Colon cancer SW480 cells (SW480) were purchased from the American Type Culture Collection. The cell lines were cultured in MEM medium supplemented with 10% fetal bovine serum. All cultures were maintained in an incubator at 37 °C with 5% CO2 in a humidified atmosphere.

Animal modeling and group administration

SW480 suspension (3×106 cells per mouse, 0.2 mL) was injected subcutaneously into the left armpit of nude mice and 40 mice were inoculated. Nude mice inoculated with SW480 all showed subcutaneous nodules with a diameter of about 5 mm after 7 days, and the transplanted tumor model was established. On the 8th day after inoculation, 40 nude mice that had established subcutaneous transplanted tumor models were randomly divided into 4 groups (n=10): model (M) group, BXD groups (BXD, 3 g/kg, 6 g/kg), group, 5-Fu group (20 mg/kg), intraperitoneal injection of the corresponding drug, 0.2 mL/mouse. the M group was given the same amount of normal saline, once every other day, 10 times in a row.

Observation index

The body weight, the maximum diameter (a) and the minimum diameter (b) of the tumor were measured once every other day, and the tumor volume was calculated according to the formula: v = ab2/2 (mm3).

Evaluation of SOD and MDA in serum

The levels of SOD and MDA in serum were also determined using the commercial kits on the basis of the manufacturer’s instruction (Jiancheng Bioengineering Institute, Nanjing, China).

Determination of inflammatory cytokines in serum

The levels of IL-6, IL-1β and TNF-α in serum were measured by ELISA kits according to the manufacturer’s instructions.

Histological examination of tumor tissue

The tumor tissue was collected and fixed in 10% (v/v) neutral buffered formalin solution.
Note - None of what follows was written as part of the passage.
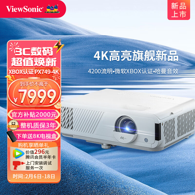 优派 PX749-4K 投影仪家用 投影机 家庭影院 客厅4K投影电视(微软Xbox认证 4200流明 1.3倍大变焦)价格:9999.00元!
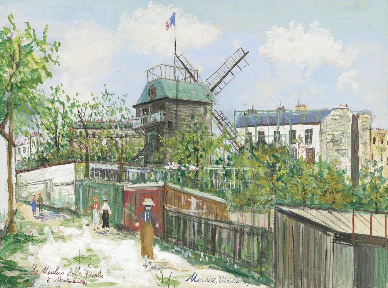 Maurice_Utrillo,_par_Suzanne_ValadonMaurice Utrillo 1883-ban született Suzanne Valadon egyetlen gyermekeként. A montmartre-i festő és több neves művész modellje és szeretője, egyedülálló anyaként nehezen tudta felnevelni Maurice-t, aki iskolakerülő volt, és már gyerekkorában inni kezdett. Miután 1904-ben először elmegyógyintézetbe került, egy orvos azt tanácsolta Valadonnak, hogy terápiaként tanítsa meg fiát festeni. Utrillo az anyjától kapott képeslapokról kezdett festeni, és hamarosan rátalált művészi elhivatására. Több száz festményt készített, többnyire Montmartre közvetlen környezetét ábrázolva. A Belle Époque-nak nevezett időszakban (1890-1914) Montmartre sok művészt vonzott dombtetőn való elhelyezkedése és a párizsi adózás alóli mentességének köszönhetően. Megőrizte rusztikus hangulatát, és a 19. század végére a bohém Franciaország művészeti központja lett. A „vieux Montmartre”-ról (a régi Montmartre) készült képeslapok rendkívül népszerűek lettek, és sok vidéki vagy külföldi képzeletében Montmartre lett a tipikusan párizsi, sőt jelképesen francia negyed. A Montmartre festője, Maurice Utrillo egyik napról a másikra híressé vált, és a legjobban eladható francia festők közé került. Jelentőségteljes, hogy Utrillo soha nem festette meg a Montmartre lábánál elhelyezkedő tipikus helyeket, mint például a Moulin Rouge-t. Ehelyett a Montmartre-domb ikonikus szórakozóhelyeit örökítette meg, különösen a Le Lapin Agile-t és a Moulin de la Galette-et. Ez utóbbi sok szempontból a Moulin Rouge ellentéte volt. A kis táncterem Montmartre utolsó fennmaradt valódi malmában működött. Közönsége kevésbé volt divatos, inkább a munkásosztályból került ki. Az alábbi képen Utrillo nappal ábrázolja a tánctermet, fákkal körülvéve, hátulról szemlélve. Kihagy minden utalást az éjszakai eseményekre, így a malom inkább tűnik egy falusi gabonaőrlőnek, mint szórakozóhelynek.

Embedded with paraffin wax and cut into 4 µm thick. The tissue was stained with H&E and observed by optical microscope (Nikon, Tokyo, Japan).

TUNEL method was used to detect apoptosis

Dewaxing tumor section slices to water, incubating proteinase K at room temperature for 30 min, washing with PBS, dripping and add TUNEL reaction mixed solution, incubate for 2 h at 37 °C, rinse thoroughly, and add conversion agent. POD was incubated at 37 °C for 30 min. After washing, DAB was used for color development. The intestinal apoptosis in each group was detected under microscope.

Western blot

The tumor tissue was homogenized and lysed in a RIPA buffer (Beyotime, Nanjing, China). Then, the tissues were centrifugation at 12,000 rpm for 20 min and collected the supernatant. The concentration of the protein was determined by a bicinchoninic acid (BCA) protein assay (Beyotime, Nanjing, China). The samples were separated by 10% sodium dodecyl sulphate polyacrylamide gels and then transferred onto nitrocellulose membranes. The membranes were blocked with 5% skim milk in for 2 h and incubated with specific antibodies at 4 °C for a whole night. After washing the membranes for 4 times on the second day, the blots were incubated with horseradish peroxidase-conjugated second antibody for 2 h. The content of the protein was showed by a gel imaging system (Tanon Science & Technology Co., Ltd., China).

Statistical analysis

Data are expressed as means ± SDs of at least three separate experiments. Statistical comparisons between experimental groups were performed by ANOVA with Tukey multiple comparison test. A value of P<0.05 was considered statistically significant.

Results

Effect of BXD on tumor weight and tumor volume

The tumor weight and tumor volume in BXD were significantly lower than those in the M group. with the increase of dosage, the tumor weight in each dosage group of BXD decreased significantly (Figure 1).

Figure 1.

Figure 1

Effect of BXD on tumor weight and tumor volume. The data are expressed as mean values ± SDs. ##, P<0.01; **, P<0.01 (compared with M group). M, model; BXD, Banxia Xiexin decoction.

HPLC analysis of BXD

As data shown in the Figure 2, four compounds baicalin and berberine have were identified, and the contents of baicalin and berberine were 0.145 and 0.481 µg/mg.

Figure 2.

Figure 2

HPLC analysis of BXD. (A) HPLC of BXD sample; (B) HPLC of standards. 1, baicalin; 2, berberine. HPLC, high-performance liquid chromatography; BXD, Banxia Xiexin decoction.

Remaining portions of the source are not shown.